# TASK TO COMPLETE
All lines below between the line with "La reforma al" and the line with "Предупреждение. Иногда, задавая", including both, must be copied exactly, and the pictures must be omitted.

★ ★ ★ ★

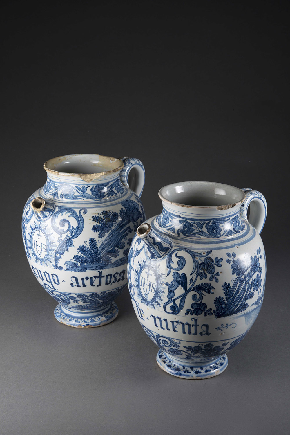 Coppia di versatoi farmaceutici in maiolica monocroma blu su smalto bianco. Decoro ‘calligrafico’ e, sotto al beccuccio versatore, trigramma ‘IHS’ in medaglione a sole raggiato appartenente ad una farmacia conventuale. Sotto al piede marca di fabbrica in blu: stemma di Torino con corona. Torino, metà del sec. XVII (cm 22.5)(difetti e restauri) La manifattura torinese del Regio Parco, per volere e concessione del Duca Carlo Emanuele II, comincia la sua attività dal 1649. A gestire la fabbrica vennero chiamate maestranze liguri (Gian Giacomo Bianchi di Genova e Nicolò Conrado di Albisola), per questo le caratteristiche della maioliche liguri e torinesi di questo periodo sono molto simili per decoro e stile. Pair of mid-17th century majolica pharmacy jugs (defects and restorations)
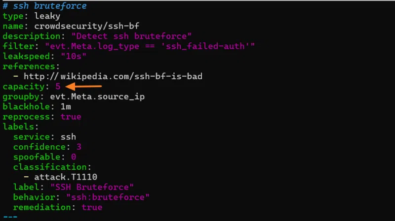 D’ailleurs, je vous invite à ouvrir le fichier correspondant au scénario . Si l’adresse IP a été bannie au bout de 6 tentatives en échec, ce n’est pas un hasard : c’est la configuration de CrowdSec qui implique cela, avec le système de bucket (type ).
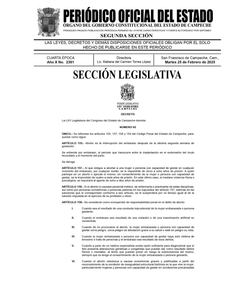 La reforma al Código Penal de la entidad, que fue aprobada por diputados locales en sesión privada del pasado martes 24 de febrero, ya fue publicada en el Periódico Oficial del Estado de Campeche (POEC), durante la edición del pasado martes 25 de este mes, un día después de la sesión reservada de la 65 Legislatura.
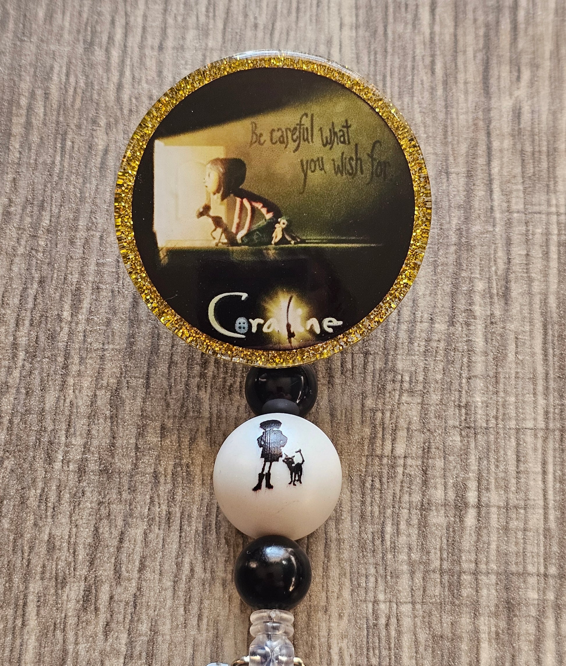 Handcrafted with care, this badge reel features a combination of UV resin, glitter, E6000 glue, acrylic, plastic alligator clip reel, and playful plastic beads. Each element comes together to create a unique and stylish accessory that stands out.
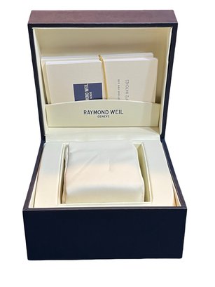 The Raymond Weil Watch Box Presentation Case is a luxurious and elegant storage solution for your watch. Made in Switzerland, this empty display box comes with a booklet, perfect for showcasing and protecting your timepiece. The sleek design and high-quality materials make it a must-have accessory for any watch enthusiast.
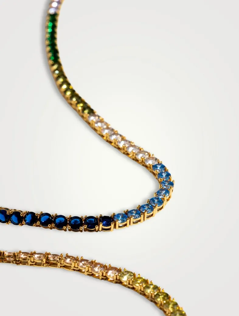 Multicoloured round cubic zirconias dazzle in this unique gold-plated necklace with a foldover closure.
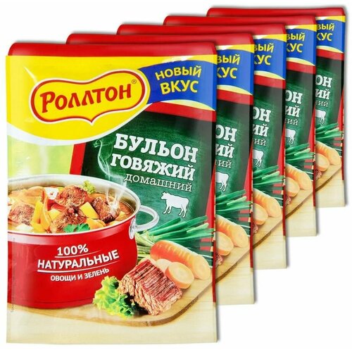 Бульон говяжий Роллтон домашний в пакете, 90 гр — 5 штук
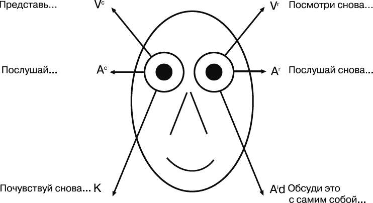 Предупреждение. Иногда, задавая вопросы о прошлых переживаниях, вы можете получить немедленные кинестетические ответы, так как старые воспоминания могут быть связаны с причиняющими боль чувствами. Предположим, человек, будучи ребенком, получил тяжелую травму в своей спальне, а вы задали вопрос: «Какого цвета были стены твоей детской спальни?» Не ожидайте в этот момент паттерна движений глаз, соответствующего визуальному припоминанию. Вы немедленно получите кинестетический ответ и другую сенсорную обратную связь, такую как покраснение лица и наполненные слезами глаза. Когда такое происходит, я (Б. Б.) иногда говорю клиенту: «С этим воспоминанием у вас связаны некоторые эмоции, не так ли?» Это может поддержать и усилить раппорт.
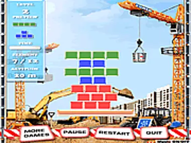 Build your own construction by placing blocks one by one in such way that the architecture is stable and not shaky. Move your mouse to the top of the screen to take new figure. To rotate the figure click the mouse left button. There are 20 levels with variety of items.
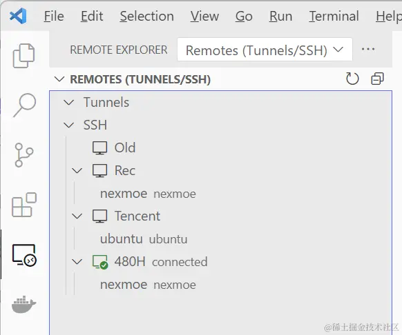 通过这样的配置,然后就可以方便地在 VS Code 中访问和管理多个服务器。只需单击服务器列表中的相应服务器,即可快速连接到目标服务器,并在远程环境中执行所需的操作。
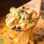 This comforting Crockpot Chicken Enchilada Casserole is a delicious and easy-to-make meal perfect for busy days. Tender chicken is slow-cooked with enchilada sauce, black beans, green chiles, and spices, then layered with torn corn tortillas and melted Mexican cheese for a flavorful casserole with minimal effort.

★ ★ ★ ★

# COMPLETED EXERCISE
 La reforma al Código Penal de la entidad, que fue aprobada por diputados locales en sesión privada del pasado martes 24 de febrero, ya fue publicada en el Periódico Oficial del Estado de Campeche (POEC), durante la edición del pasado martes 25 de este mes, un día después de la sesión reservada de la 65 Legislatura.
 Handcrafted with care, this badge reel features a combination of UV resin, glitter, E6000 glue, acrylic, plastic alligator clip reel, and playful plastic beads. Each element comes together to create a unique and stylish accessory that stands out.
 The Raymond Weil Watch Box Presentation Case is a luxurious and elegant storage solution for your watch. Made in Switzerland, this empty display box comes with a booklet, perfect for showcasing and protecting your timepiece. The sleek design and high-quality materials make it a must-have accessory for any watch enthusiast.
 Multicoloured round cubic zirconias dazzle in this unique gold-plated necklace with a foldover closure.
 Бульон говяжий Роллтон домашний в пакете, 90 гр — 5 штук
 Предупреждение. Иногда, задавая вопросы о прошлых переживаниях, вы можете получить немедленные кинестетические ответы, так как старые воспоминания могут быть связаны с причиняющими боль чувствами. Предположим, человек, будучи ребенком, получил тяжелую травму в своей спальне, а вы задали вопрос: «Какого цвета были стены твоей детской спальни?» Не ожидайте в этот момент паттерна движений глаз, соответствующего визуальному припоминанию. Вы немедленно получите кинестетический ответ и другую сенсорную обратную связь, такую как покраснение лица и наполненные слезами глаза. Когда такое происходит, я (Б. Б.) иногда говорю клиенту: «С этим воспоминанием у вас связаны некоторые эмоции, не так ли?» Это может поддержать и усилить раппорт.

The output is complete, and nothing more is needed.